Ich bin vor kurzem beruflich nach China umgezogen (Hefei, Anhui Provinz).
Vor meinem Umzug hatte ich mit meinem Vermieter gesprochen, der mir eine 20MBit/s bestellt hat. In Deutschland hatte ich eine 32MBit/s-Leitung von KDG und war damit mehr als zufrieden.
Dass es hier in China die Great Chinese Firewall gibt, ist mit bewusst und auch, dass man sie mit einem VPN mehr oder weniger gut umgehen kann. Daher habe ich mir einen VPN Account bei Vypr VPN besorgt.

Nach meiner Ankunft war dich dann doch sehr ernüchtert von der Internetgeschwindigkeit! Ich fühlte mich ins Modem uns ISDN-Kanalbündelungszeitalter zurückversetzt!
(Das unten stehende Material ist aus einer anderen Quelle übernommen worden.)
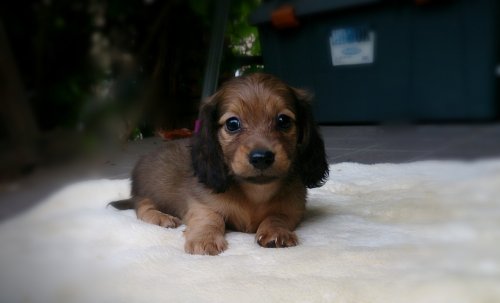| コメント | お父さん シェーデットクリーム jkcチャンピオン お母さん ブラック&タン 両親jkcチャンピオン 成長と共に薄いレッドになると思います。 ご飯もたくさん食べて 良く寝て元気に遊んでます。 兄弟の中でも耳の大きな子です。 耳の大きなダックスフンドは とても可愛いですよ。 |

Wenn sich denn mal Seiten öffnen liessen, geschah dies im Zeitlupentempo (ohne VPN).
Auf meinem Dienst-Laptop war der Firmen-VPN installiert, der es mir leider nicht erlaubt mehr zu testen.
Apple TV, arte +7 Videostreaming, selbst Spotify bspw war gar nicht / kaum möglich!! Der Download größerer Dateien dauert unerträglich lang.
Nun war die Geschwindigkeit so unterirdisch, dass ich kaum glauben konnte, dass eine 20M Leitung anlag. Daraufhin kam ein Freund meines Vermieters und zeigte mir relativ einfach bei Aufrufen einer chinesischen Internetspeed-Testseite, dass 20M anliegt: auf dem Bildschirm waren neben vielen chinesischen Zeichen "20M" zu lesen.
Ich war nach wie vor skeptisch und wollte (ohne VPN) eine non-chinese Internetspeed-Testseite aufrufen, was gar nicht erst funktionierte.
Mittlerweile habe ich meinem privaten Mac hier und damit ist die Geschwindigkeit mit VPN halbswegs ok. Ist tageszeit-abhängig und von was weiß ich noch abhängig! Aktuell (VPN aktiv über HongKong) habe ich laut speedtest.net ca. 1M down und 1.5M up ....
Ich habe mal einen Screenshot (VyprVPN Monitor + Traffic Monitor meines Routers: Asus RT-AC68U) von gerade eben angehängt, um einen besseren Eindruck zu vermitteln - Download einer 15MB Datei = 18min.

Nun zu meine Fragen...
Hat jemand eine Idee, wieviel % ein VPN von der Bruttorate reduziert? Von welchen Parametern hängt dies ab?
Welche anderen Methoden gibt es die Great Chinese Firewall zu umgehen, die ggf weniger Einbußen kosten als VPN??
Wenn ich eine schnellere Leitung (z.B. 100M) hätte, wäre meine VPN-Verbindung dann auch schneller (quasi eine lineare Abhängigkeit??) oder läuft die VPN-Geschwindigkeit in eine gewisse Sättigung??
Hat jemand Erfahrung mit der Zuverlässigkeit der Geschwindigkeit in China?? Habe den Eindruck, dass die Geschwindigkeit manchmal von "ach läuft ja ganz gut" zu 0 abfällt!! Sprich: Sind solche Variationen des Speed in China normal oder liegt dies ebenfalls am VPN??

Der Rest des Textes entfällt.